Search code examples
bisonyacc

Resolve shift/reduce conflict in Yacc/Bison grammar


I am writing a parser in GNU-Bison to parse captured bits of data of a proprietary protocol. The parser has following tokens:

  • H ....... Header
  • D ....... Data
  • T ....... Terminator

and five numbers of D i.e. Data tokens make up a bulk B i.e.

B : DDDDD
  ;

Ideally the input should be of the form

H DDDDD DDDDD DDDDD ... DDDDD T

aka

 H B B B ... B T

So I have written the following grammar :

%%
CAPTURE :  H PAYLOAD T     { printf("[OK]");}
        ;

PAYLOAD :  B
        |  PAYLOAD B
        ;

B       :  DDDDDD
%%        

Now, to meet some practical conditions such as a pattern like following:

  1. DD H DDDDD DDDDD ... DDDDD T (extra D's at the prefix)
  2. H DDDDD DDDDD ... DDD T (truncated last bulk having just 3 Data D)

I modified my grammar to

%%
CAPTURE :  H PAYLOAD T     { printf("[OK]");}
        ;

PAYLOAD :  B
        |  PAYLOAD B
        |  D PAYLOAD
        |  PAYLOAD D
        ;

B       :  DDDDDD
%%        

But It is giving shift/reduce conflict.
Need help how to correct the grammar so that it recognises above two cases also and is shift/reduce conflict free.


Solution

  • %%
    CAPTURE : OPTD1 H PAYLOAD OPTD2 T     { printf("[OK]");}
            ;
    
    PAYLOAD :  B
            |  PAYLOAD B
            ;
    
    B       :  D D D D D
            ;
    
    OPTD1   :
            |  OPTD1 D
            ;
    
    OPTD2   :
            |  D D D
            ;
    %%     
    

    I added two new non-terminals OPTD1 and OPTD2 on the right-hand side of the first production and kept your original rule for PAYLOAD as it was. OPTD1 can be rewritten as 0 or more D terminal symbols and OPTD2 can be rewritten as 0 or 3 D terminal symbols.

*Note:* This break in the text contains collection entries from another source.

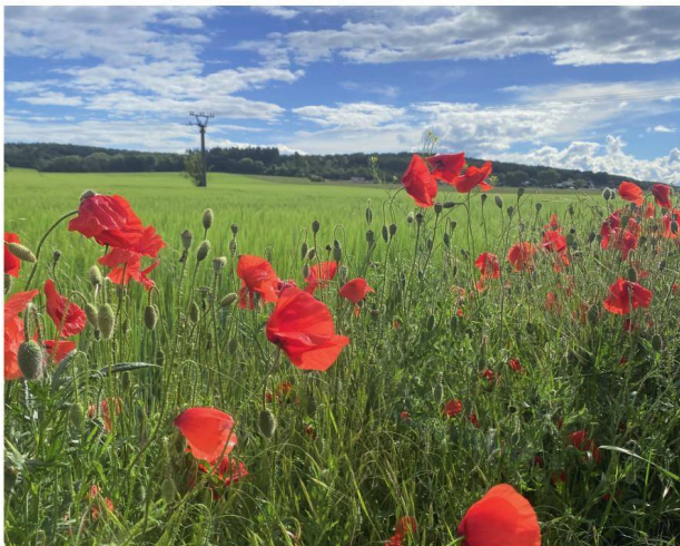
1. místo ve fotosoutěži - kategorie dospělí, Autor : Lucie Školudová
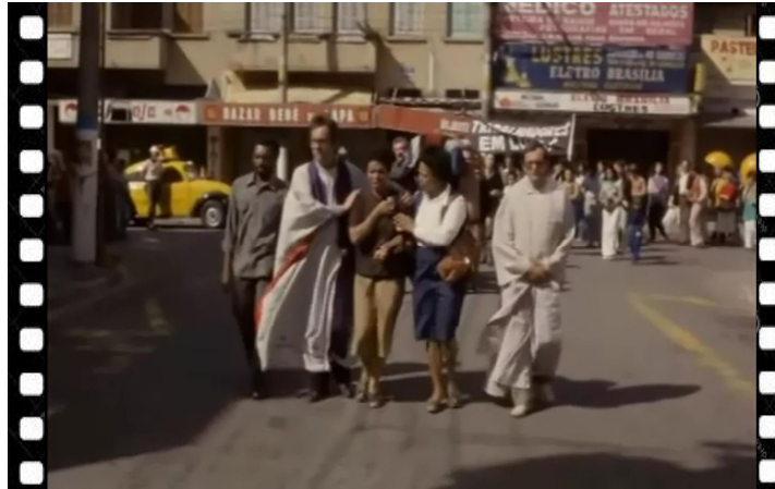
Figura 1, cortejo funerário e protesto

O Plano Geral , também chamado de câmera aberta, permite ter o personagem como foco central. Isto não quer dizer que este precisa estar no centro da cena, aparecendo de corpo inteiro. Permite-se ainda visualizar o cenário ao redor e até mesmo outros personagens envolvidos na cena.
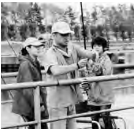
感じます。楽しい1日だったことを

表彰式の後には、トン汁でお腹を満たし、有意義な秋の1日を過ごされました。東北電力さんのご好意に感謝申し上げます。
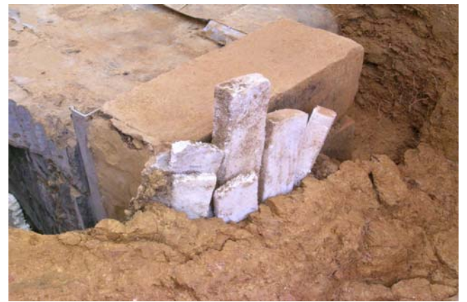
12 保存施設西脇に詰められた発泡スチロール
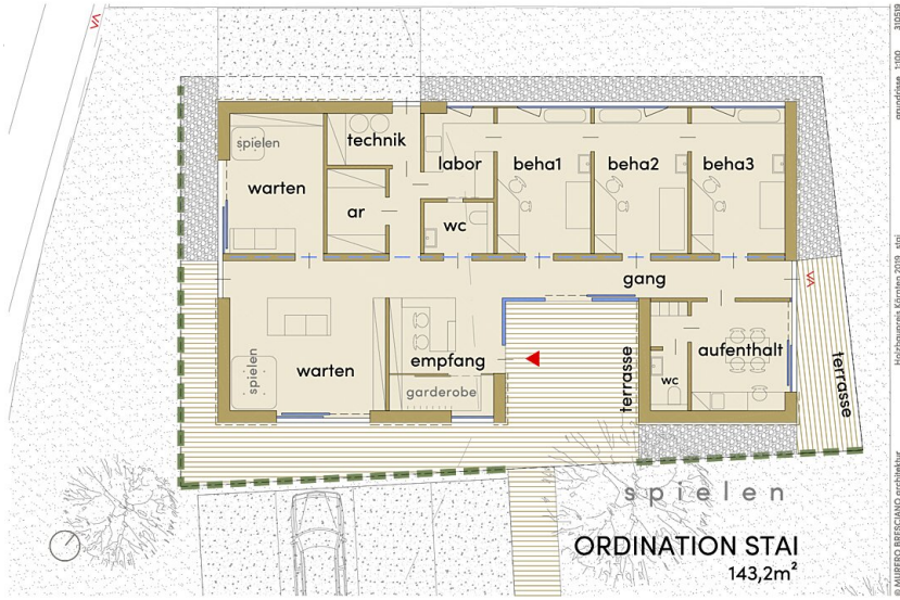
Stai Pub Nextroom

    If your TOKENS, H, T and B were just the characters 'H', 'T' and 'B' respectively, you could easily recognize valid input with the following regular expression:

    '^D*H(DDDDD)+(DDD)?T$'
    

    In any event, you should be able to recognize valid input with a finite state automaton with the power of a pushdown automaton provided by YACC not being required.